Defining the Mysterious Phenomenon Known as Agile Testing

Crop circles. Bigfoot. Agile Testing. At least one of these should not be a mystery. Agile Testing is, in fact, quite comprehendible and a highly essential and effective component of the Agile method. Agile Testing values the quality of the end product just like testing under any other methodology—but it’s a more collaborative and flexible approach to ensure testing keeps pace with rapid Agile development.

With the fast pace of Agile, there is rarely time to test everything so requirements must be prioritized and testing automation is deployed where possible. Adaptability is key, as features and requirements can change significantly from sprint to sprint. Exploratory testing is used to accelerate the time from cde delivery to testing completion—the goal is not documentation, but to create code that actually works.

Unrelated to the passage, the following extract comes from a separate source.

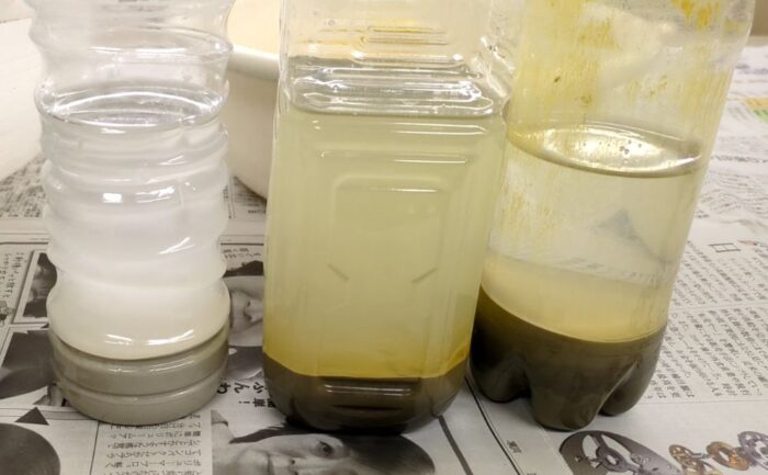 沈殿の酷くない釉薬はこうしてペットボトルの容器に入れ保管したりすると振って攪拌を出来るので便利です。

This adaptability is why an agile team needs broader, cross-functional skill sets, compared to a traditional waterfall tester. Testing need to be collaborative, where communication is regular and fluid, and developers and testers work together to define how the approach to testing will move forward. There is no one prescription for performing successful agile testing. The team must work together to determine what is the most effective and efficient approach in every unique situation. Agile testing demands that a complete testing toolkit is available and that testers keep up with the current trends in the space. To guide the decision making process, it’s helpful to keep these three central tenets of the Agile Manifesto in clear focus:

  • Individuals and interactions over processes and tools
  • Working software over comprehensive documentation
  • Responding to change over following a plan

While Agile testing will not mean the same method is applied in every situation, it does have an underlying philosophy and approach that can be clearly understood and applied to keep testing at the same high standard as the rest of Agile.